The imprisoned are living with mental illness. States are ill-equipped to help | Thursday Coffee

Good Thursday Morning, Fellow Seekers.

More than half (56 percent) of the people now in America’s state prisons have reported mental health issues, but only a handful ever receive treatment, underlining the need for states to shore up their safety net programs, new data shows.

Fourteen percent of those who reported a mental health issue said they’d suffered serious psychological stress in the last month, while 43 percent of incarcerated people said they’d been living with a previously diagnosed mental health issue, according to data compiled by the Prison Policy Initiative.

But only about a quarter, 26 percent, said they’d received professional help for their issue since entering state custody.

And only 30 percent of those who said they’d experienced serious distress within the last 30 days said they’d received help, the advocacy group’s data, which was based on information originally compiled by the U.S. Bureau of Justice Statistics, showed.

“The data reveal policy failures that begin in our communities: governments have chipped away at the social safety net and accessible community-based treatment for years, while spending on the carceral system has increased,” the report’s author, Leah Wang, wrote.

“As law enforcement and courts respond to mental illness like it’s a crime, prisons and jails fill up with people who have serious mental health needs — which these systems are not designed to accommodate,” Wang continued. “And the longer they are in prison, certain people are likely to develop worsening mental health symptoms, especially those who are sent to solitary confinement.”

(Source: Prison Policy Initiative)

The report also found significant gender disparities, with women experiencing higher rates of mental illness than men.

According to the report:

  • Rates of post-traumatic stress disorder were almost three times higher among women than they were among men (34 percent of women, compared to 13 percent of men).
  • Rates of manic depression, bipolar disorder and/or mania (reported by 44 percent of women) and depressive disorders (49 percent of women) were double the rate of men.

(Source: Prison Policy Initiative)

The report further found that:

  • “Mental health diagnoses in state prisons are most prevalent among multiracial people (56 percent report one or more), white people (53 percent), and Native people (52 percent), compared to Hispanic (36 percent), Black (33 percent), or Asian (32 percent) people.

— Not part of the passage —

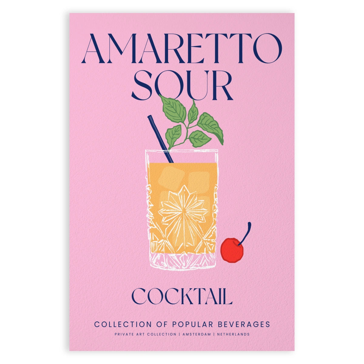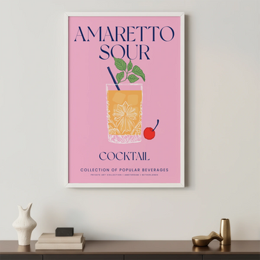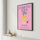 Tento Plakát zobrazuje koktejl Amaretto Sour, klasický drink známý svou sladkou a mírně kyselou chutí. Ústřední obrázek ukazuje sklenici zdobenou elegantním vzorem, naplněnou žluto-oranžovým nápojem. Nad sklenicí jsou čerstvé zelené listy, které dodávají ilustraci živost. Vedle sklenice je červená třešeň, ikonický symbol mnoha koktejlů.

These figures track closely with how people of different racial and ethnic groups utilize mental health services outside of prison.
  • “A staggering half (50 percent) of people in state prisons who have a history of substance use disorder treatment also have a history of one or more mental health conditions. This is disproportionate overlap: According to the National Institute on Drug Abuse, 38 percent of U.S. adults with substance use disorder also had one or more mental health disorders,” the data showed.

According to the report, some of the mental health issues reported by incarcerated people may have been brought on by their experience with the criminal justice system, which can be severely traumatic.

Data also show that when “someone is arrested, the odds of them having serious mental illness or psychological distress are even greater, reflecting the practice of sweeping people experiencing mental health crises into the criminal legal system instead of redirecting them to community-based services,” Yang wrote.

“Despite how ill-suited these facilities are for providing these services, prisons and jails have become some of our nation’s largest de facto mental health care providers since the deinstitutionalization of public psychiatric hospitals beginning in the 1950s,” Yang concluded. “State policy decisions, then, led directly to the profound overlap of mental illness and mass incarceration that we see today.”